The conventional medical model starts with symptoms and works backward to a diagnosis. The FDN model starts with functional lab data and works forward to a protocol. The difference matters because the conventional model is optimized for identifying pathology - disease that’s advanced enough to treat. The functional model is optimized for identifying dysfunction - patterns in lab markers that indicate the body isn’t working at full capacity, before those patterns become diagnosable disease.

Most people who feel chronically unwell have lab results that are “normal” by conventional standards. That’s because conventional reference ranges are established by population averages - the average includes a lot of people who are also chronically unwell. Normal doesn’t mean optimal. Normal means average.

The DRESS protocol - Diet, Rest, Exercise, Stress Reduction, Supplementation - is the implementation framework. Every pillar is addressed simultaneously, because the body’s systems are interconnected. You can’t optimize sleep while ignoring cortisol. You can’t optimize gut health while ignoring diet quality.
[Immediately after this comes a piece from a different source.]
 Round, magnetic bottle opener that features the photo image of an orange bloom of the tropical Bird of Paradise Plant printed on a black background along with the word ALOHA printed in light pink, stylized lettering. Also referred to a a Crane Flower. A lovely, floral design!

The protocol is holistic not because of philosophy but because the biology demands it.

The data-sovereignty parallel is exact:

In digital sovereignty, you audit your system - what’s running, what’s collecting data, what’s exposed - before building the secure stack. In health sovereignty, you audit your biology - run the labs, understand the markers, identify the dysfunction - before building the protocol.
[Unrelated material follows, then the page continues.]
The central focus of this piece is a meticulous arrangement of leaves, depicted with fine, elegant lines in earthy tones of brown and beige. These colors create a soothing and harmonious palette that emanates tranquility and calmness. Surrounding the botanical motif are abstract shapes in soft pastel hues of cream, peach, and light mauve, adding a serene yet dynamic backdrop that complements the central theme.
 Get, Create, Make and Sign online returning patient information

Test, don’t guess. In both domains.


The Health Data Sovereignty Stack

Tool / ApproachReplacesWhy It Made the Cut
CronometerMyFitnessPalNo data selling, better data, full export, micronutrient detail
Filen encrypted storageGoogle Health / Apple Health cloudYour records, your keys, zero-knowledge
Direct lab testingInsurance-mediated panelsData goes to you, not to insurers and data brokers
Personal health records (local)EHR portal dependencyYou own the complete picture, providers don’t
FDN methodologySymptom-chasing medicineData-driven, root cause, your protocol not their template

The Insurance Problem

A note on what you do with your lab data and who gets access to it.
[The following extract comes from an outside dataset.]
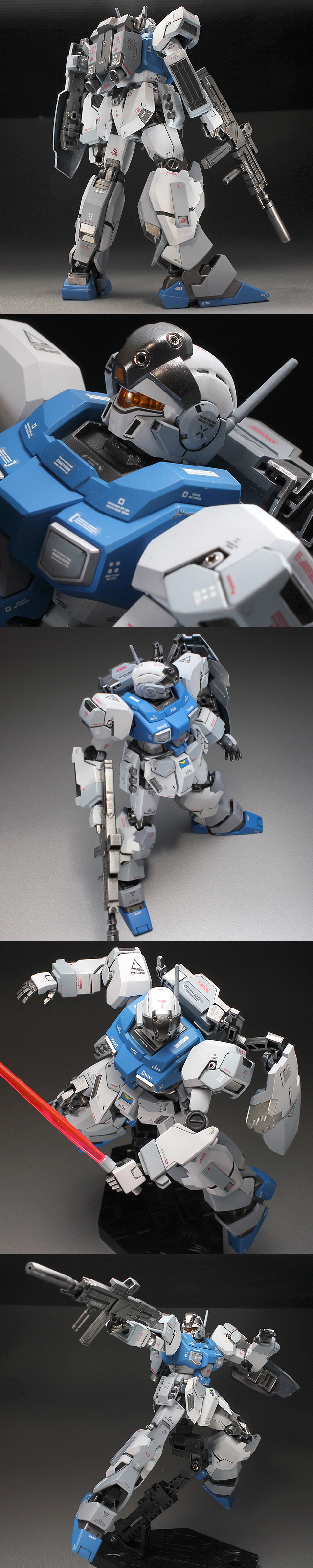 ★連邦のヒロイックなイメージカラー(ブルーとグレー)で仕上げてみました。 ★グレーは明暗の2階調で塗り分けました。★細かいCAUTIONデカールなどを沢山貼りました。 ★チラ見えフレームはガンメタや黒鉄色やメッキシルバーで塗り分け。 ★腰部分の動力パイプはメッキシルバーNEXTで塗装しました。 ★エナメル塗料でスミ入れ。★セミグロスクリヤーでオーバーコートしました。

Health insurance in the US uses medical records to make coverage and pricing decisions. Pre-existing conditions, diagnoses, treatments - all of it can affect insurability depending on the policy type and regulatory context.

Direct-to-consumer lab testing, paid out of pocket and not run through insurance, does not generate an insurance billing record. The results go to you. Not to your insurer. Not to a data broker that sells to insurers. Not to anyone except you.

This is not about hiding health information from your doctor. It’s about understanding what information flows where and making deliberate decisions about which channels you use for which purposes. Your doctor can see results you bring to them. Your insurer doesn’t need to see everything your doctor sees.

This is health sovereignty in practice: understanding the data flows, controlling what goes where, and making decisions based on your actual interests rather than institutional default.


The Overlap Is the Point

The audience for digital sovereignty and the audience for health sovereignty are the same people.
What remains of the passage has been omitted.